産業別の動向を見ると、学術研究や技術サービス業が14か月連続で増加し、卸売業や小売業も3か月連続でプラスの成長を示しました。また、情報通信業や建設業、医療・福祉、不動産業などが好調を維持しています。一方で、製造業は12か月連続で減少し、サービス業や運輸業、宿泊・飲食業、金融業なども減少傾向が続いています。この動きは、消費者需要の変化や製造業のコスト増加が影響している可能性があります。

また、企業規模別のデータでは、30~99人および500~999人規模の企業での求人が減少しましたが、それ以外の規模では増加が見られました。特に、従業員数4人以下や1,000人以上の大企業での求人増加が顕著でした。このような動きは、労働市場全体の変化や産業ごとのニーズの違いを反映しています。

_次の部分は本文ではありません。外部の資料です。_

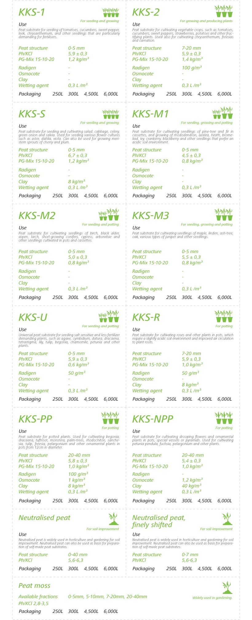 O uso de substratos de turfa como um meio ambiente de crescimento das plantas proporciona alta capacidade de água e de ar e a capacidade de isolamento da turfa optimiza a eluição de nutrientes. Na produção dos nossos substratos de turfa usamos uma mistura de turfa moída e turfa em blocos. A turfa em bloco tem melhores propriedades físicas - mais poros de ar, maior capacidade de absorção de água, estrutura natural mais bem preservada, assim como menor densidade aparente em comparação com a turfa moída. Entretanto, a turfa em bloco é mais cara e tem menor capacidade de troca permuta catiônica do que a turfa moída. Portanto, o uso de uma mistura de turfa moída e em bloco é a melhor solução para fornecer as propriedades necessárias às raízes das plantas em termos de nutrientes, água e acesso a ar. Em nossos substratos de turfa, utilizamos somente os melhores aditivos disponíveis fornecidos por produtores mundiais reconhecidos, tais como PG Mix (fertilizante básico), Osmocote e Manna Dur (fertilizantes de liberação lenta), Radigen (micronutrientes e fertilizantes de magnésio), Fiba Zorb (agente umectante para uma melhor capacidade de absorção de água, grânulos de argila ou argila em pó para uma melhor capacidade de absorção de água e capacidade ótima de troca de nutrientes. Compreendemos a alta importância da qualidade do meio ambiente de crescimento das plantas para os produtores profissionais. Por causa disso, focamo nossos esforços da na manutenção constante da alta qualidade dos nossos substratos de turfa. Nossos substratos de turfa são feitos usando uma linha de produção de substratos computadorizada. Durante o processo de produção dos substratos, são realizados rigorosos controles de qualidade e as amostras de cada lote são analisadas e armazenadas em nosso laboratório a fim de garantir que as propriedades de cada lote corresponda com precisão à receita do produto.

求職者の動向も注目されます。新規求職者数は前年同月比で0.8%増加しましたが、男性求職者が減少した一方で、女性求職者は増加傾向にあります。離職者の中でも自己都合退職者は減少しましたが、事業主都合による離職者は4.7%増加しました。これらのデータから、労働者のキャリア選択や企業の雇用政策が大きく影響を及ぼしていることが分かります。

地域別の有効求人倍率では、福岡地域が1.19倍、筑豊地域が1.32倍、筑後地域が1.36倍と、地域ごとの雇用情勢にもばらつきが見られました。特に北九州地域では前年同月比で低下しており、地域間での格差が浮き彫りになっています。

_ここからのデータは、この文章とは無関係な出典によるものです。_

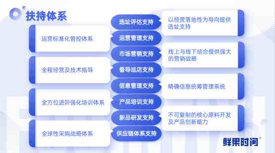 总部提供选址评估支持、开业指导支持、营销活动支持、技术研发支持、督导巡店支持、供应链体系

正社員の有効求人倍率は0.93倍と、全体の有効求人倍率よりも低い値に留まっています。この数値は、パートタイムや契約社員を含む求職者の割合が高いことを反映しており、正社員求人を中心とした雇用の増加が今後の課題として挙げられます。

さらに、新規求人数は前年同月比で3.7%増加しましたが、これは業種ごとの求人の増減が影響しています。例えば、情報通信業では21.4%の大幅な増加を記録しましたが、製造業は5.4%減少しました。また、医療・福祉業界も0.7%とわずかに増加しましたが、全体的な安定成長には至っていません。

このようなデータは、雇用市場の現状とその中での課題を明らかにしています。企業側としては、新たな人材を引き付けるために効果的な求人方法を採用する必要があります。また、求職者側も、自身のスキルセットを強化し、多様な業種や役割に適応できる準備を進めることが求められます。